What Egypt’s Withdrawal from the “Arab NATO” Signifies for U.S. Strategy

A few weeks ago, Egypt quietly announced its withdrawal from the Middle East Strategic Alliance (MESA), a coalition—which also includes Jordan, the Gulf states, and the U.S.—founded at President Trump’s urging to serve as an “Arab NATO” that could work to contain Iran. Jonathan Ariel notes three major factors that most likely contributed to Egyptian President Sisi’s abandonment of MESA: his distrust of Donald Trump (and concern that Trump might lose the 2020 election) and of Saudi Arabia’s Crown Prince Mohammad bin Salman; Cairo’s perception that Iran does not pose a major threat to its security; and the current situation in Gaza:

Gaza . . . is ruled by Hamas, defined by its covenant as “one of the wings of the Muslim Brotherhood in Palestine.” Sisi has ruthlessly persecuted the Brotherhood in Egypt. [But] Egypt, despite its dependence on Saudi largesse, has continued to maintain its ties with Qatar, which is under Saudi blockade over its unwillingness to toe the Saudi line regarding Iran. . . . Qatar is also supportive of the Muslim Brotherhood, . . . and of course Hamas.

[Qatar’s ruler] Sheikh Tamim is one of the key “go-to guys” when the situation in Gaza gets out of hand. Qatar has provided the cash that keeps Hamas solvent, and therefore at least somewhat restrained. . . . In return, Hamas listens to Qatar, which does not want it to help the Islamic State-affiliated factions involved in an armed insurrection against Egyptian forces in northern Sinai. Egypt’s military is having a hard enough time coping with the insurgency as it is. The last thing it needs is for Hamas to be given a green light to cooperate with Islamic State forces in Sinai. . . .

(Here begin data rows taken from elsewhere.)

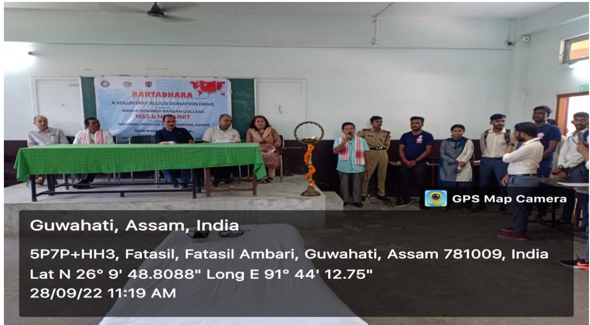
Figure 11: Voluntary blood donation camp "RAKTADHARA" organised by NCC unit along with the NSS cell of the college

The Unit, along with the N.S.S. Unit of the college, in collaboration with National Medicos Organisation, Assam, and Seva Bharati Purbanchal, organised a blood donation camp on September 28, 2022. The program saw active participation from 30 dedicated cadets. An impressive 38 units of blood bags were collected, with N.C.C volunteers contributing a noteworthy 22 units.
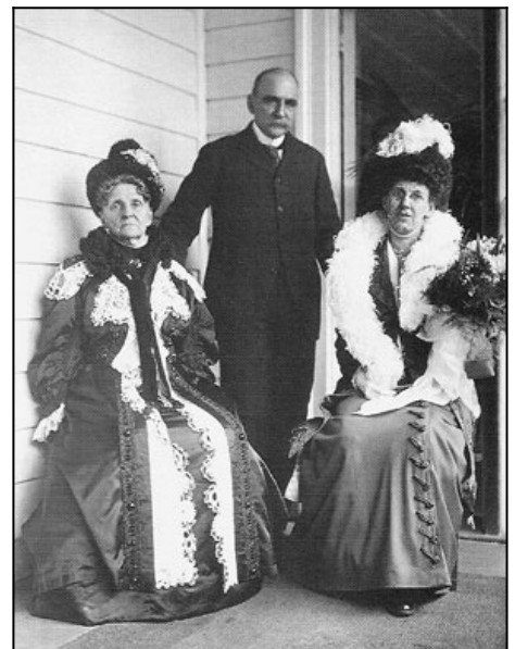
Wedding Portrait of Hetty Green, new husband Matthew Astor Wilks, and daughter Sylvia

by who he was married to, but also because Henrietta was one of those who actually invested in the company. Investors thought that the husband of the richest woman on earth who also had a financial interest, wasn't someone you would have to be concerned about defaulting on a loan on. When the house began to collapse, it was learned that the firm had actually loaned Edward money based on who he was wed to. Her primary bank tried to recover some of Edward's debts by seizing some of her assets. They certainly didn't know who they were dealing with!
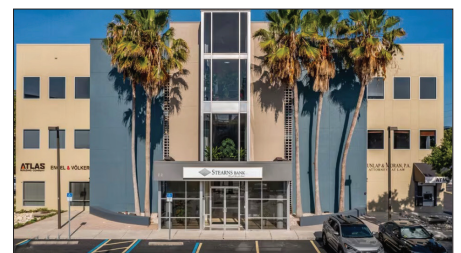
22 S. Links Avenue Stearns Bank Building Sold - $7,300,000 • 18,578 SF

THINKING OF INVESTING IN SARASOTA REAL ESTATE? CALL ME!
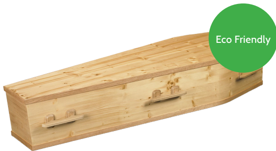
The Forester £1000 An eco-friendly pine coffin with wooden handles, made from all natural wood – a perfect choice for the eco-conscious individual
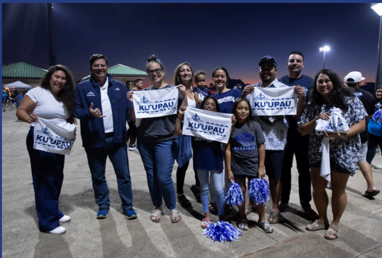
KSM class of 2006 at KSM Homecoming
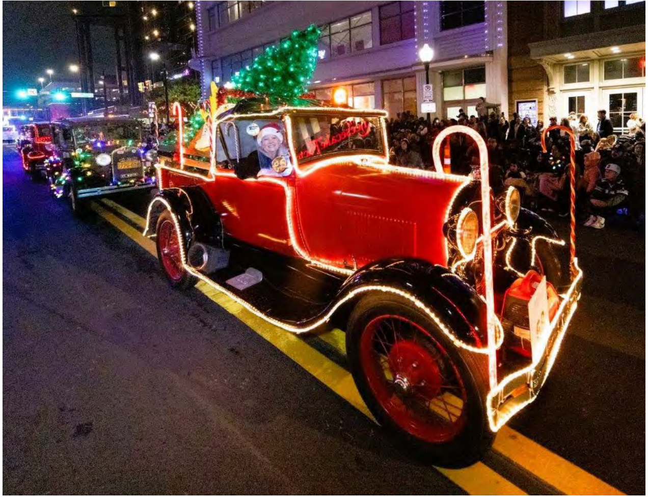
The Larson's Tree Hauler
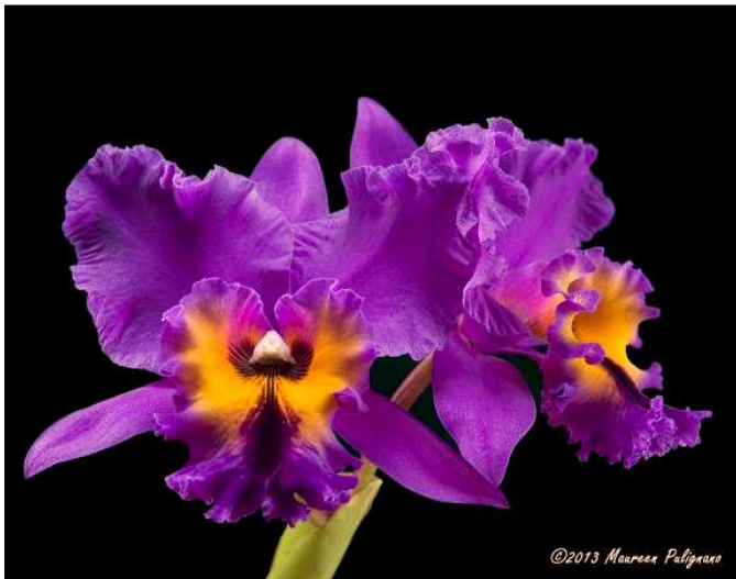
Rhyncolaeliocattleya Jeremy Island 'Deep Throat', AM/81 pts., Fred Missbach
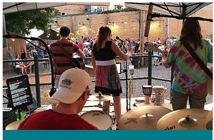
Right: Outdoor Concerts at Four Mile Brewery
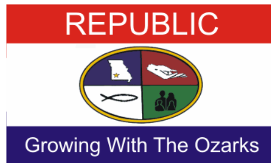
Official flag of the City of Republic, Missouri (1991–1999)

A modern example is the City of Republic in southwestern Missouri. 93 After running a contest for a city flag and seal, the local government chose an elliptical shape with symbols in four quadrants. On the bottom half were images of a traditional nuclear family and a fish, or ichthys , commonly associated with Christianity. The seal was displayed on city buildings, city vehicles, city stationery, and city-limit signs. 94 A local minister declared that the ACLU had correctly associated the ichthys with Jesus Christ, adding, “I say the line is drawn. Stay out of Republic. We’re going to stand for Christian principles.” 95
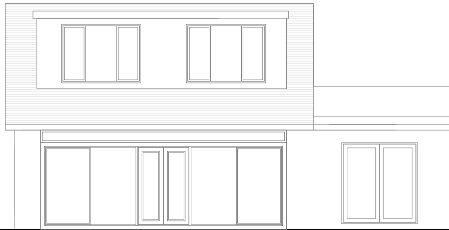
3 Rear Existing Scale 1:100
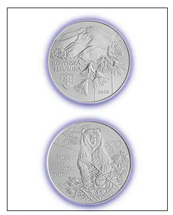
Fig. 8 Obverse and reverse of the Low Tatra NP silver commemorative coin

Silver collectors' (numismatic) coin with denomination of 20 € devoted to nature and landscape protection - Veľká Fatra NP was minted by NBS in 2009 (see Fig. 9).
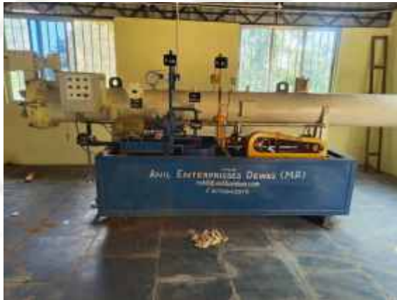
Vacuum pressure impregnation machine
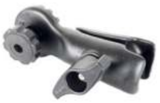
RAM-162BAU RAM RATCHET BASE WITH SINGLE SOCKET ARM
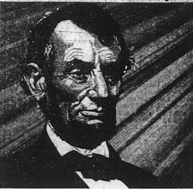
The Great Emancipator who declared that the world cannot exist half-slave and half-free.
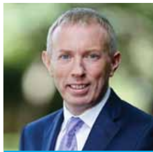
Deputy Timmy Dooley TD

Over the past decade, ever since Benjamin Netanyahu returned to power, Israel has also been gradually placing more and more chips in its still covert but growing alliance with Saudi Arabia. Egypt’s decision to pull out of MESA should give it cause to reconsider. Without Egypt, MESA has zero viability unless it is to include either U.S. forces or Israeli ones. [But] one’s chances of winning the lottery seem infinitely higher than those of MESA’s including the IDF. . . . Given that Egypt, the Arab world’s biggest and militarily most powerful state and its traditional leader, has clearly indicated its lack of confidence in the Saudi leadership, Israel should urgently reexamine its strategy in this regard.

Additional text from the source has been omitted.